Recorded information →

- Opening Delimiter -

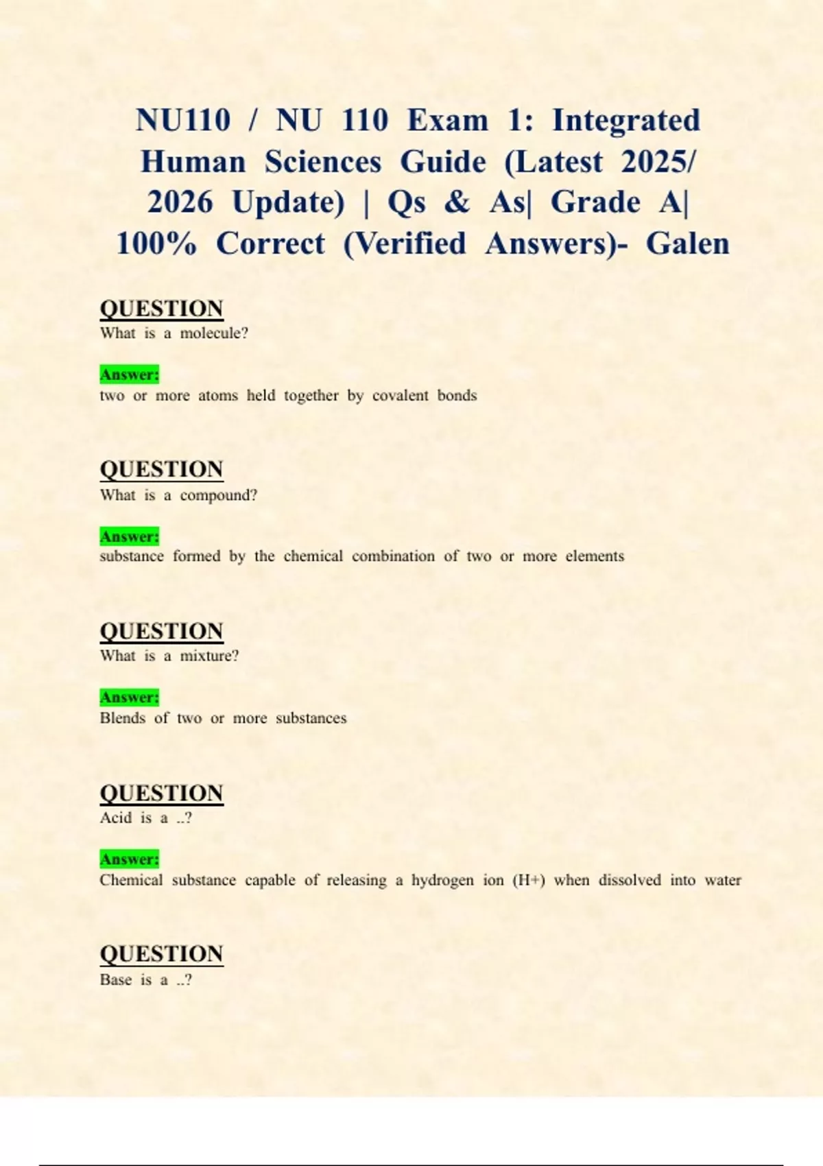 NU110 / NU 110 Exam 1: Integrated Human Sciences Guide (Latest 2025/ 2026 Update) | Qs & As| Grade A| 100% Correct (Verified Answers)- Galen
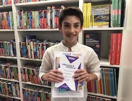 60. Vorlesewettbewerb April 10, 2019 Vincent Marco Carbonare, Klasse 6b, ist Bezirkssieger und wird die BNS beim Landesentscheid Hessen vertreten
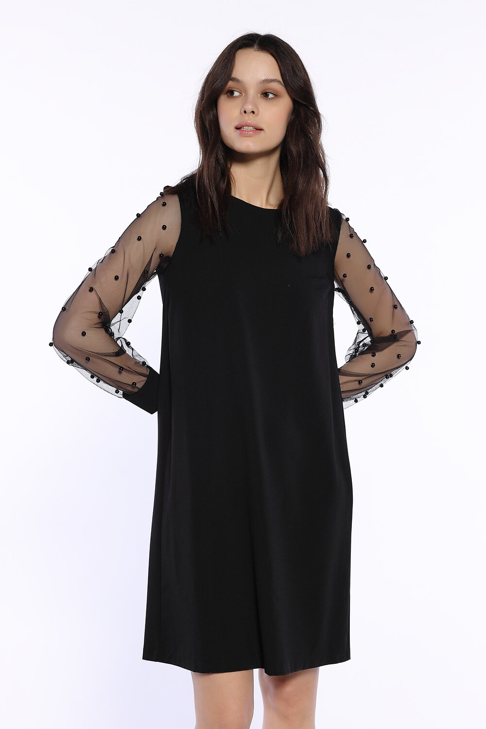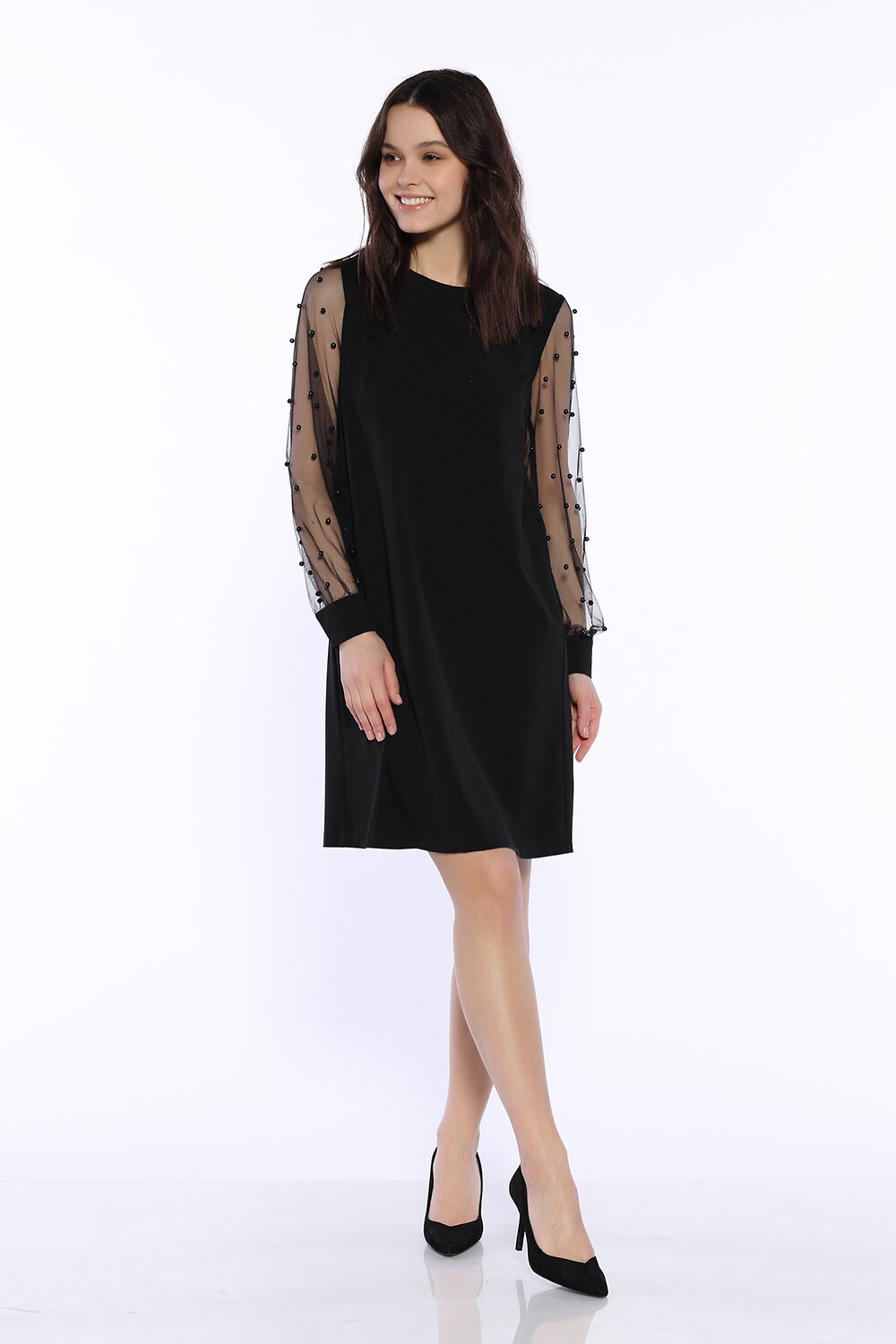 Изящное платье мини приталенного кроя станет отличным решением для праздничного и вечернего образа. Лаконичный крой без рисунков и принта дополнен эффектным элементом в виде прозрачных рукавов, которые декорированы небольшими бусинами. Манжеты выполнены в тон платья, застегиваются на пуговицу. Платье миди с округлым вырезом горловины выпускается в широком размерном ряду, оно замечательно подойдет на любую фигуру, в том числе на большой размер. Выразительное платье выше колена можно дополнить украшениями и аксессуарами, чтобы завершить нарядный образ для праздника, свадьбы, дня рождения, нового года. В качестве обуви к платью подходят различные по стилю и фасону модели: туфли, ботильоны, сапоги, ботинки. Платье с длинным рукавом из сетки имеет полуприлегающий свободный крой, не облегает фигуру и может скрыть ее возможные недостатки. Элегантный фасон подойдет и взрослым женщинам, и молодым девушкам. Успейте порадовать себя стильной новинкой по привлекательной цене!

- Closing Delimiter -

Work instructions → Reproduce every line above exactly as written, omitting the images.

Finished task →
 NU110 / NU 110 Exam 1: Integrated Human Sciences Guide (Latest 2025/ 2026 Update) | Qs & As| Grade A| 100% Correct (Verified Answers)- Galen
 60. Vorlesewettbewerb April 10, 2019 Vincent Marco Carbonare, Klasse 6b, ist Bezirkssieger und wird die BNS beim Landesentscheid Hessen vertreten
 Изящное платье мини приталенного кроя станет отличным решением для праздничного и вечернего образа. Лаконичный крой без рисунков и принта дополнен эффектным элементом в виде прозрачных рукавов, которые декорированы небольшими бусинами. Манжеты выполнены в тон платья, застегиваются на пуговицу. Платье миди с округлым вырезом горловины выпускается в широком размерном ряду, оно замечательно подойдет на любую фигуру, в том числе на большой размер. Выразительное платье выше колена можно дополнить украшениями и аксессуарами, чтобы завершить нарядный образ для праздника, свадьбы, дня рождения, нового года. В качестве обуви к платью подходят различные по стилю и фасону модели: туфли, ботильоны, сапоги, ботинки. Платье с длинным рукавом из сетки имеет полуприлегающий свободный крой, не облегает фигуру и может скрыть ее возможные недостатки. Элегантный фасон подойдет и взрослым женщинам, и молодым девушкам. Успейте порадовать себя стильной новинкой по привлекательной цене!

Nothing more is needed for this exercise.